При этом в первом издании, на обложке размещен сложный рисунок с привлекающей внимание читателя надписью на латыни «Нет на земле власти, которая бы сравнилась с ним». Это цитата из библейской Книги Иова, и эти слова относятся к Левиафану. Во введении Гоббс пишет: «Как Бог сотворил своим искусством природу, так и человек в своем подражании как ремесленник, как искусник создает этого великого Левиафана, который называется государством». По ходу книги становится понятно, что у Левиафана есть свои собственные интересы, не сводимые не только к интересам населения, но и к интересам возглавляющего государство суверена. Левиафан у Гоббса – это некоторая машина, а точнее организм, который не равен ни народу (людям, которые его населяют), ни князю, королю или иному правителю. Левиафан имеет свои интересы и действует по-своему, вне зависимости от народа и князя.

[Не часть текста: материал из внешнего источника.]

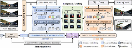 简介: 本文提出了一种新颖的语言引导多目标跟踪方法DKGTrack,通过将自然语言表达解耦为局部描述与运动状态两部分,有效提升了模型对语言细粒度信息的理解能力,从而实现更精确的目标定位与持续跟踪。为增强语言引导下的目标识别能力,本文设计了静态语义增强模块(SSE),通过分层的跨模态特征交互机制强化区域级视觉语言对齐,获得更具判别性的目标表示;同时,提出的运动感知对齐模块(MPA)建模语言中的动态描述与目标轨迹之间的对应关系,提升了跨帧跟踪的一致性。该方法在多个RMOT基准上均取得了优异表现,验证了其在复杂场景中稳健跟踪能力。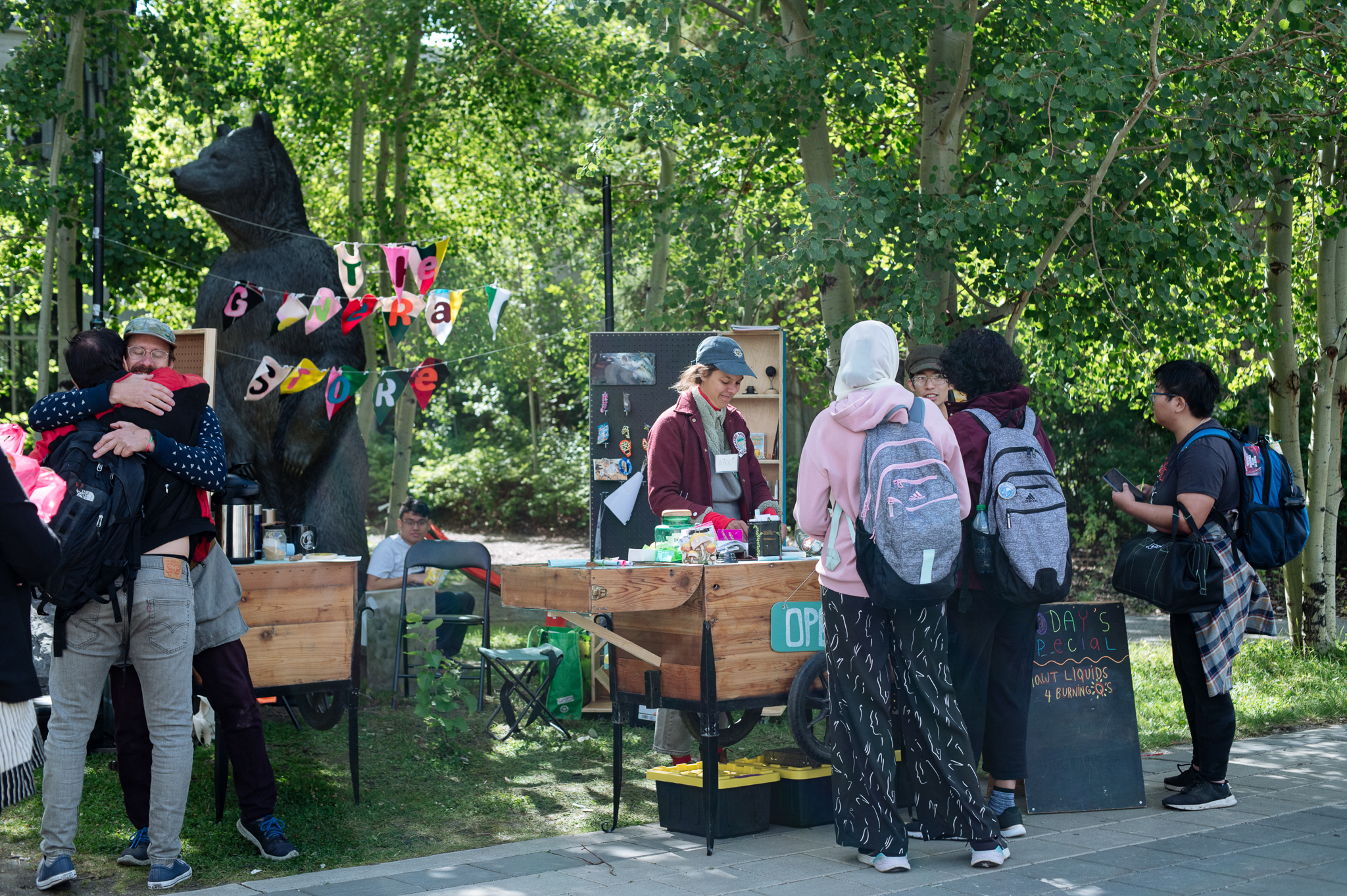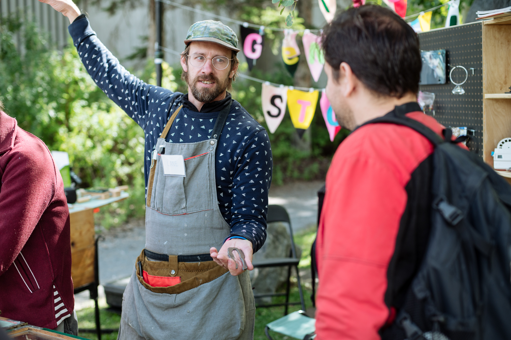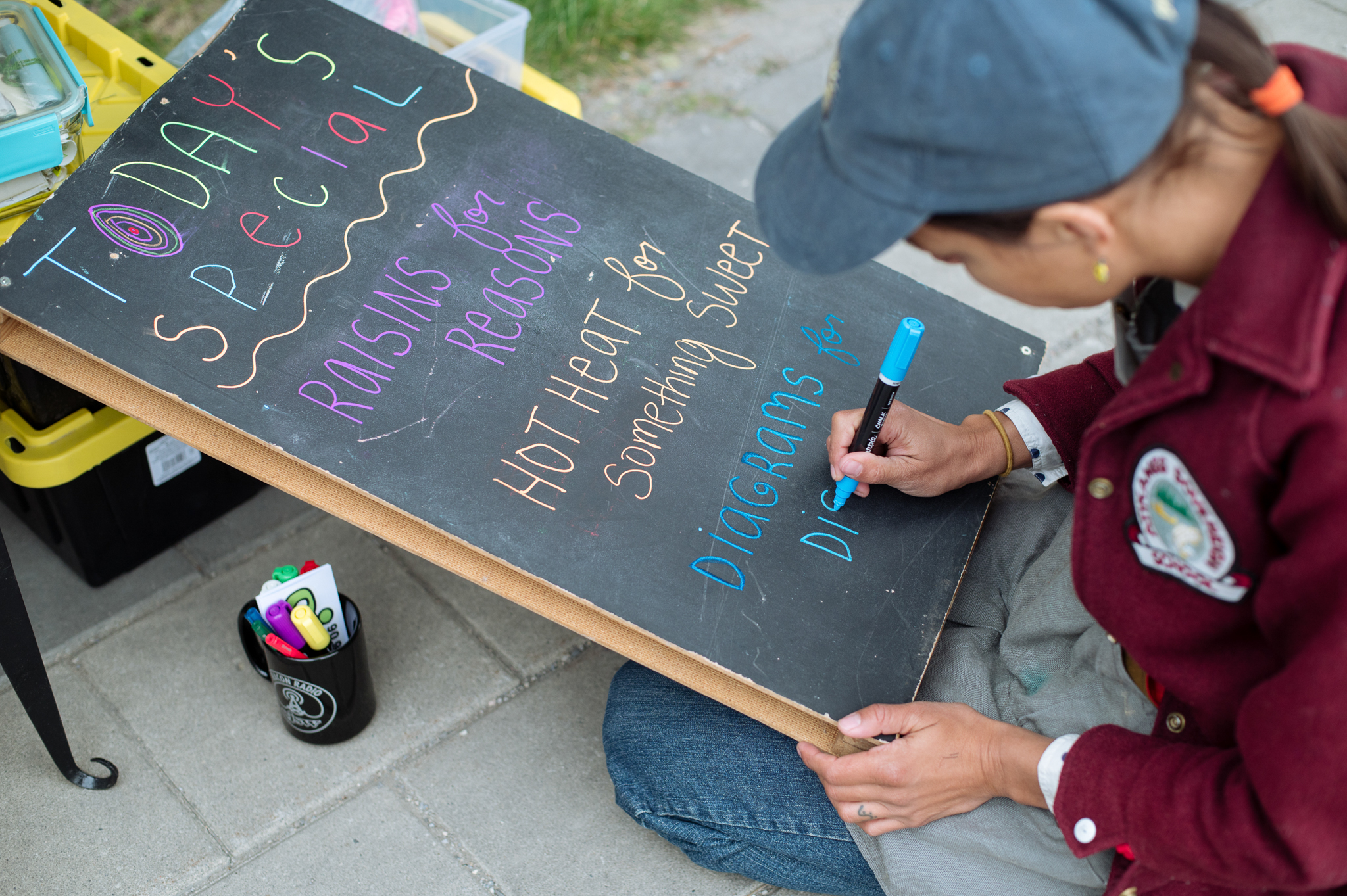 We are Lane Shordee and Nikki Martens, a creative duo investigating urban sustainability, ecology, and the economy via performance & installation. Our General Store is the first pop-up store that trades in the eight different forms of capital: Material (M), Intellectual (I), Living (L), Spiritual (Sp), Financial (F), Social (So), Experiential (E), and Cultural (C). At The General Store we recognize that it is the sum of these eight forms that contribute to a thriving, holistic, and sustainable community. The store becomes a research tool to see how these different forms of capital intermingle and coexist. Each iteration of the store begins with a varied stock of goods that gets us going: coffee, jokes, pins, and haircuts for example; but our inventory is primarily sourced from what the community has to offer and is willing to trade. These trades are documented within our sacred ledger book, which acts as an organic narrative of interactions. Past recordings include: “a beet for a beat”, “witch protection for craft supplies”, and our ever-popular “coffee for a joke”. Trades range from the ephemeral to the tangible, and together become an all day act of participant/artist based performances driven by the question of value. Fleeting goods, such as life stories or sage advice are collected as audio or video, which can then be traded back to participants in the form of ‘Cultural (C)’ or ‘Intellectual (I)’ capital. Physical objects become vectors for the exchange of ideas. Ultimately we are asking our beloved customers what has value to them, how do we measure that value, and how do we come to an equally beneficial exchange?

В XIX веке мысли Т.Гоббса подхватил и переработал в совершенно ином контексте Г.Гегель. В своей основополагающей «Феноменологии духа» он рассмотрел государство, церковь, армию как особые сущности, «воплощающие «мировой дух» в его развитии и становлении»[12]. Иными словами, Г.Гегель наделял определенные структуры свободой воли, которая собственно и является поведением. В конечном счете, поведение отличается от инстинкта тем, что объект, обладающий особого рода активностью способен действовать не по одной жестко заданной программе, а как минимум, менять их сообразно обстоятельствам.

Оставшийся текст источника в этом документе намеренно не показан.